AI news: AI Is Quietly Draining Wikipedia's Lifeblood

Nassim Nicholas Taleb recently put it bluntly: Wikipedia is a victim of AI. He's right, and the damage is coming from multiple directions at once.

The most visible threat is traffic loss. When ChatGPT, Perplexity, or Google's AI Overviews answer a factual question, they're drawing heavily on Wikipedia content - but the user never visits Wikipedia. Wikimedia Foundation data showed a noticeable dip in pageviews starting in late 2023, coinciding with the mass adoption of AI chat interfaces. Fewer visits means fewer donation prompts, fewer people discovering the "edit" button, and fewer new volunteers joining a community that was already shrinking before AI entered the picture.

Then there's the content quality problem. Wikipedia editors have been fighting a rising tide of AI-generated submissions - articles and edits that read fluently but contain subtle factual errors, hallucinated citations, or synthesized claims that never appeared in any source. Detecting this stuff is labor-intensive, and the people doing that labor are unpaid volunteers who now have to work harder to maintain the same quality bar.

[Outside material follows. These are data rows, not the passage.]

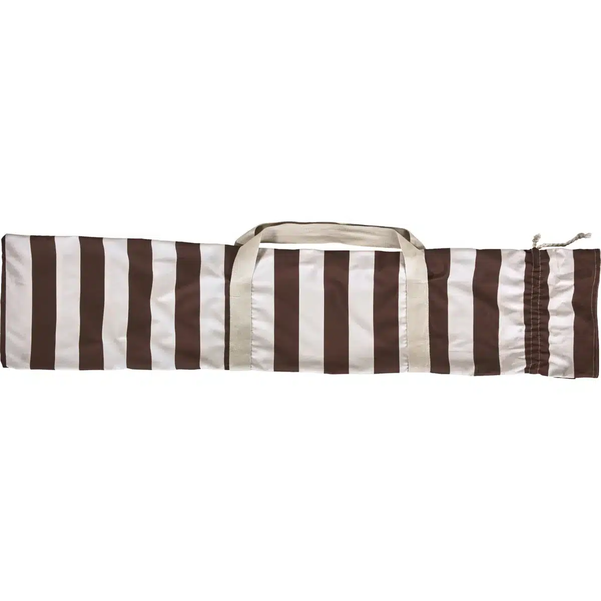 Transformeer uw buitenervaring met deze elegante parasol. Met een ontwerp van brede bruine en gebroken witte strepen met decoratieve gebroken witte franjes voegt hij een vleugje klassieke stijl toe aan uw tuin, balkon of strand. Gemaakt van een duurzaam polyester doek en een stevige beukenhouten stok, combineert deze parasol perfect functionaliteit met een tijdloos design. De parasol is eenvoudig te monteren en wordt geleverd met een praktische stoffen tas voor gemakkelijke opslag en transport, waardoor het een ideale keuze is voor wie houdt van veelzijdigheid en stijl in zijn buitenruimte.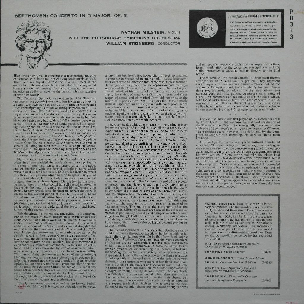 * Performer (연주가) : N. Milstein, W. Steinberg, Pittsburgh Sym.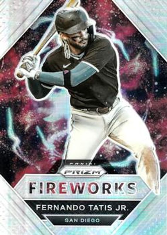 The Fernando Tatis Jr. 2021 Prizm #FW2 Fireworks - Silver card is 1 of 90 Fernando Tatis Jr.'s card variations in the 2021 Prizm set being tracked by Sports Card Investor, including Base, Blue, Blue Velocity, Carolina Blue, and Cosmic Haze.
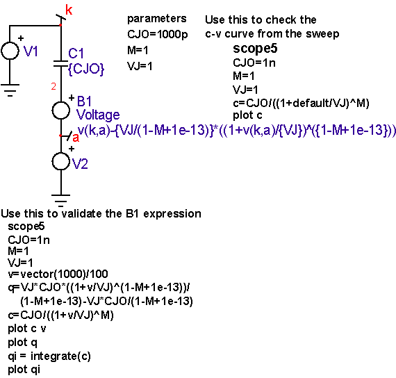 | Nonlinear capacitor models are required for any capacitor whose capacitance, C(V), is a function of the voltage applied to it. Using basic analog behavioral modeling tools in IsSpice4, such a non-linear capacitor model can be developed. Consider the model shown in Figure 13 below. Figure 13: Nonlinear Capacitor Model The model is made up of an ideal capacitor C and an arbitrary voltage source. The main task is to find an expression for B1 that will make this combination work as a nonlinear voltage-dependent capacitor model. Note, as indicated in Figure 13, the voltage for the new model is the sum of the voltage across the ideal capacitor and the voltage expression f(v) describing the B1 source. As an example, let’s define an effective capacitance as follows: Then, integrating with respect to v, and using basic circuit theory for the ideal capacitor (Q = C(v)*V), the following expression is obtained for the new model: Now we can solve for f(v), which is the expression needed to complete the model. The schematic (varicap.dwg) complies with this equation. It’s in close agreement when using a constant capacitor of value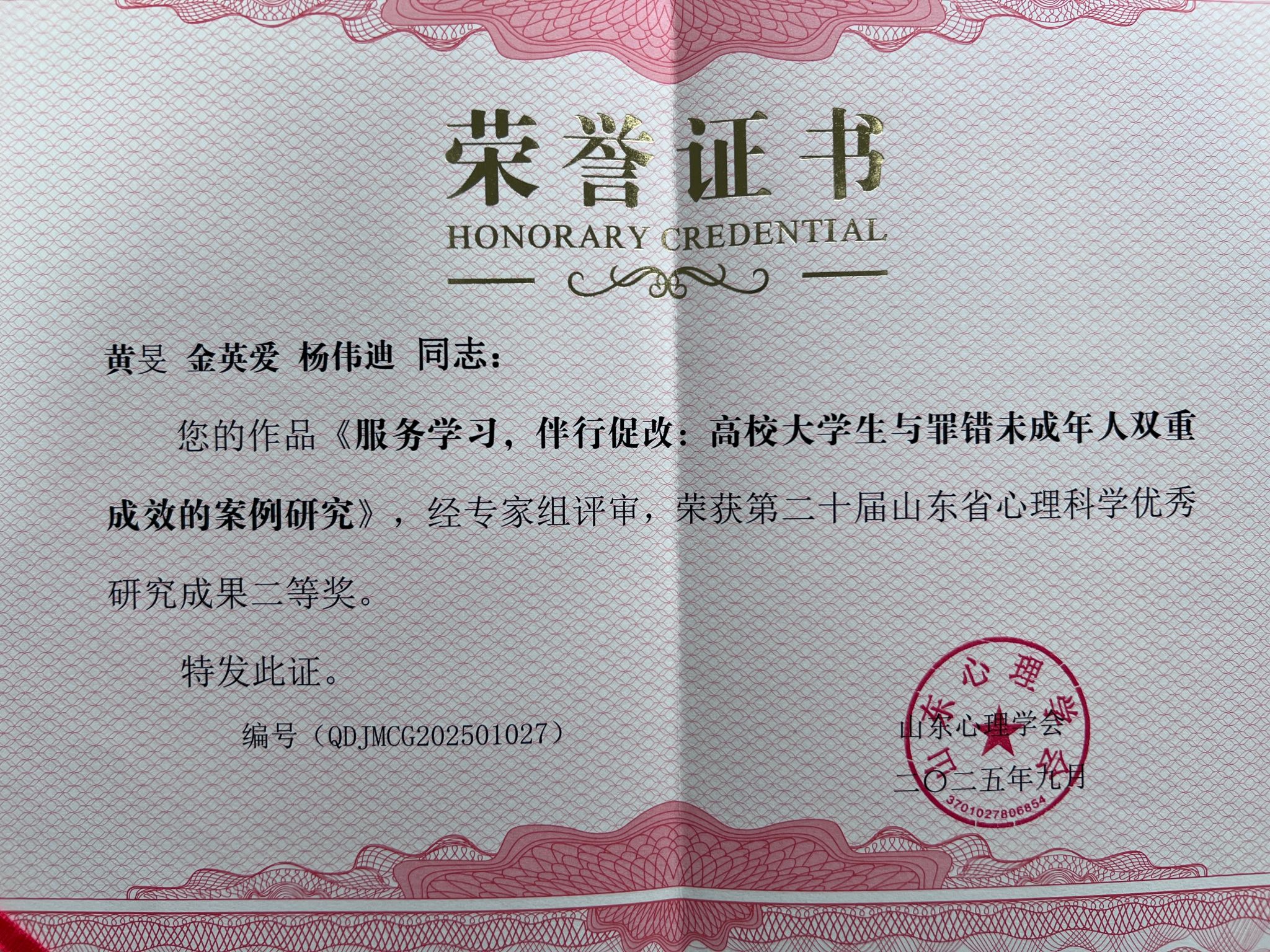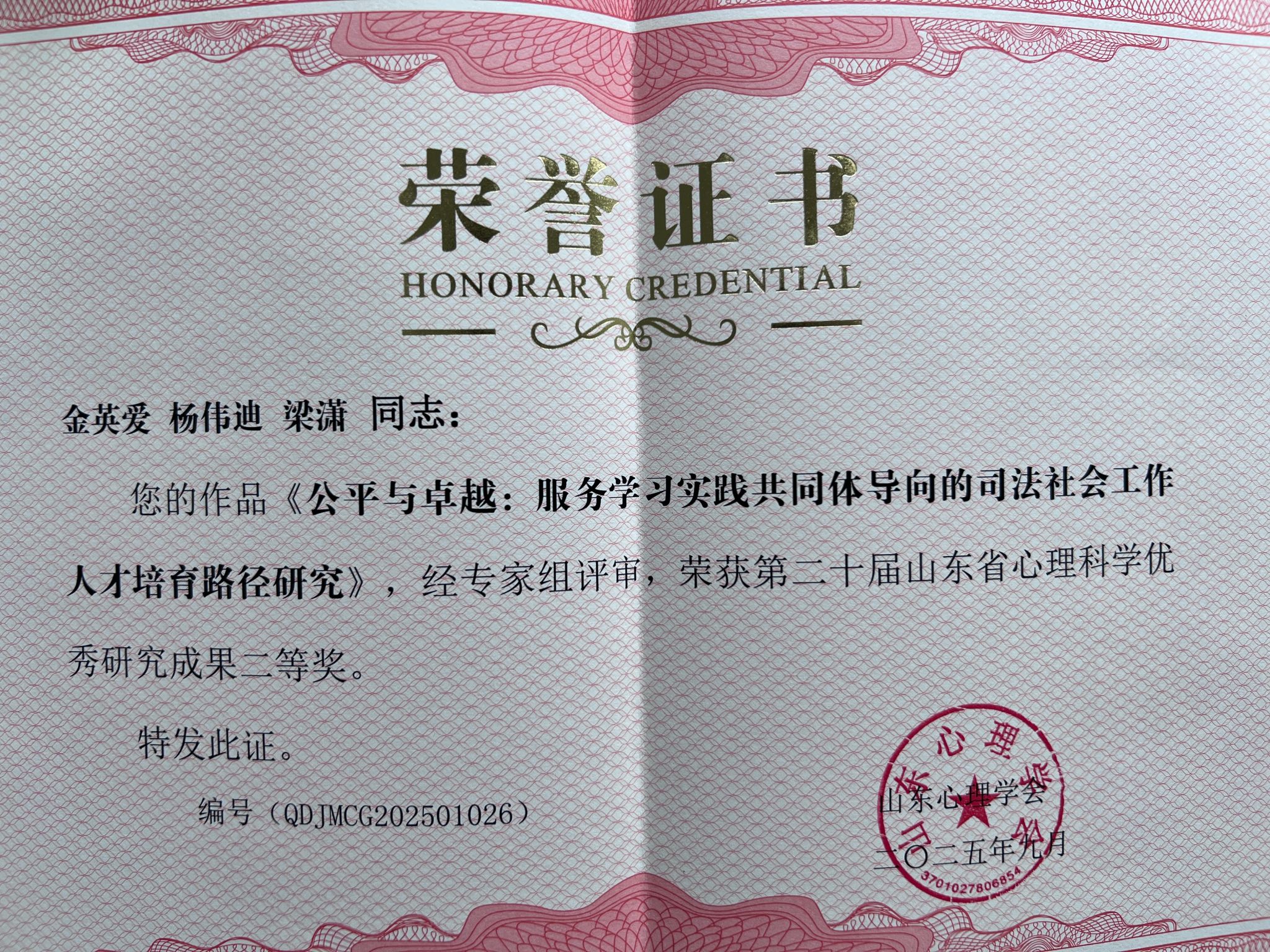 2025年9月20日—21日,山东心理学会2025年度学术会议在山东大学青岛校区召开。本次会议以“人工智能赋能心理学:理论发展与实践探索”为主题,汇聚全省心理学及相关领域专家学者,共话学科前沿与实践创新。会上传来喜讯,bw必威西汉姆联官网社会工作专业金英爱副教授负责完成的两项专题研究成果——《公平与卓越:服务学习实践共同体导向的司法社会工作人才培育路径研究》与《服务学习,伴行促改:高校大学生与罪错未成年人双重成效的案例研究》,经专家组多轮评审,双双荣获第二十届山东省心理科学优秀研究成果二等奖,彰显了bw必威西汉姆联官网在司法社会工作领域的专业研究实力与实践创新水平。

The Feedback Loop Nobody Talks About

Here's the part that should concern anyone who uses AI tools daily: these models were trained on Wikipedia. If Wikipedia's quality degrades because AI drained its contributor base, the next generation of models trains on worse data. It's a slow-motion collapse where AI tools gradually poison their own well.

For the average person using ChatGPT to look something up, this feels abstract. But if you rely on AI for research, content creation, or fact-checking, the accuracy of your outputs is downstream of Wikipedia's health. The encyclopedia isn't just a website - it's infrastructure. And right now, nobody is paying for the maintenance.